In the race to develop therapeutics against COVID-19, the Simcyp Simulator has been instrumental in predicting whether it will be possible to achieve a therapeutic dose of existing drugs that were reportedly effective against the virus in the lab. ‘Hydroxychloroquine was shown to inhibit SARS-CoV-2 in lab-grown cells, but there were concerns that the plasma concentrations wouldn’t be high enough to achieve therapeutic efficacy in infected people,’ Rayner commented. ‘However, the virus accumulates in the lungs, and our simulation demonstrated that the concentration of drug that would reach the lungs would be sufficient to inhibit the virus.’

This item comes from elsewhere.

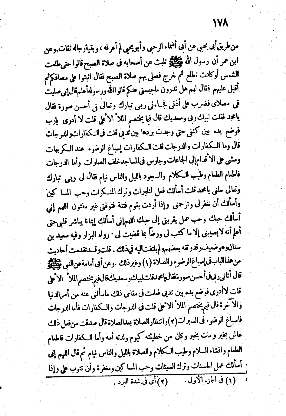 11743 - وَعَنِ ابْنِ عُمَرَ «أَنَّ رَسُولَ اللَّهِ - صَلَّى اللَّهُ عَلَيْهِ وَسَلَّمَ - تَلَبَّثَ عَنْ أَصْحَابِهِ فِي صَلَاةِ الصُّبْحِ حَتَّى قَالُوا: طَلَعَتِ الشَّمْسُ - أَوْ تَطْلُعُ - ثُمَّ خَرَجَ فَصَلَّى بِهِمْ صَلَاةَ الصُّبْحِ فَقَالَ: " اثْبُتُوا عَلَى مَصَافِّكُمْ ". ثُمَّ أَقْبَلَ عَلَيْهِمْ، فَقَالَ لَهُمْ: " هَلْ تَدْرُونَ مَا حَبَسَنِي عَنْكُمْ؟ ". قَالُوا: اللَّهُ وَرَسُولُهُ أَعْلَمُ. قَالَ: " إِنِّي صَلَّيْتُ فِي مُصَلَّايَ فَضُرِبَ عَلَى أُذُنِي، فَجَاءَنِي رَبِّي - تَبَارَكَ وَتَعَالَى - فِي أَحْسَنِ صُورَةٍ، فَقَالَ: يَا مُحَمَّدُ، فَقُلْتُ: لَبَّيْكَ رَبِّي وَسَعْدَيْكَ. قَالَ: فِيمَ يَخْتَصِمُ الْمَلَأُ الْأَعْلَى؟ قُلْتُ: لَا أَدْرِي يَا رَبِّ. فَوَضَعَ يَدَهُ بَيْنَ كَتِفَيَّ حَتَّى وَجَدْتُ بَرْدَهَا بَيْنَ ثَدْيَيَّ، فَعَلِمْتُ مَا سَأَلَنِي عَنْهُ، ثُمَّ قَالَ: يَا مُحَمَّدُ، قُلْتُ: لَبَّيْكَ رَبِّي وَسَعْدَيْكَ. قَالَ: فِيمَ يَخْتَصِمُ الْمَلَأُ الْأَعْلَى؟ قُلْتُ: فِي الْكَفَّارَاتِ وَالدَّرَجَاتِ. قَالَ: وَمَا الْكَفَّارَاتُ وَالدَّرَجَاتُ؟ قُلْتُ: الْكَفَّارَاتُ: إِسْبَاعُ الْوُضُوءِ عِنْدَ الْكَرِيهَاتِ، وَمَشْيٌ عَلَى الْأَقْدَامِ إِلَى الْجَمَاعَاتِ، وَجُلُوسٌ فِي الْمَسَاجِدِ خَلْفَ الصَّلَوَاتِ، وَأَمَّا الدَّرَجَاتُ: فَإِطْعَامُ الطَّعَامِ، وَطِيبُ الْكَلَامِ، وَالسُّجُودُ بِاللَّيْلِ وَالنَّاسُ نِيَامٌ. فَقَالَ لِي رَبِّي - تَبَارَكَ وَتَعَالَى -: سَلْنِي يَا مُحَمَّدُ. قُلْتُ: أَسْأَلُكَ فِعْلَ الْخَيْرَاتِ، وَتَرْكَ الْمُنْكَرَاتِ، وَحُبَّ الْمَسَاكِينِ، وَأَسْأَلُكَ أَنْ تَغْفِرَ لِي وَتَرْحَمَنِي، وَإِذَا أَرَدْتَ بِقَوْمٍ فِتْنَةً فَتَوَفَّنِي غَيْرَ مَفْتُونٍ. اللَّهُمَّ إِنِّي أَسْأَلُكَ حُبَّكَ وَحُبَّ عَمَلٍ يُقَرِّبُنِي إِلَى حُبِّكَ. اللَّهُمَّ إِنِّي أَسْأَلُكَ إِيمَانًا يُبَاشِرُ قَلْبِي حَتَّى أَعْلَمَ أَنَّهُ لَا يُصِيبُنِي إِلَّا مَا كُتِبَ لِي، وَرِضًا بِمَا قَضَيْتَ لِي».

‘That data has been instrumental in opening the way to hydroxychloroquine trials that are now ongoing worldwide,’ he added. ‘The drug worked in vitro and there’s pharmacological plausibility and there’s proof of hope that it would work because it would achieve the concentrations that we think are relevant to the site of primary viral action. Within the Accelerator, we worked with the University of Washington and New York University primary investigators, to achieve hydroxychloroquine dose selection, clinical study design and institutional review board approval, in just eight days, a process that would normally take months.’

Another existing drug that had shown potential against SARS-CoV-2 in vitro was the antiparasitic drug ivermectin, Rayner continued. ‘This is the flipside to our experience with hydroxychloroquine, as in this case Simcyp simulations indicated that the drug would not achieve sufficient lung concentration to be effective against the virus in vivo, and we argued against the start of clinical trials that would likely fail.’

‘We are learning from data emerging when is the most effective treatment point during the infection timeline. Give an antiviral drug too late, for example, and the virus has effectively finished its infectivity, and the patient is now dealing primarily with the immunological effects of the infection, which is almost a completely different ‘disease.’ What we are trying to do is to put models around viral kinetic data that is coming in from around the world, to understand the infection and viral load time course, and so simulate when to most appropriately effect therapy.’

‘Our aim has been to develop these tools to help explore, quantify, predict, and confirm,’ Nieforth said. ‘The endpoint is that they can be used together to provide recommendations that have impact. Appreciating that we have a very diverse user base, we have evolved our tools to cover the full scope of drug development and user experience, both for individual pieces of the workflow and also to tie those individual pieces together very nicely.’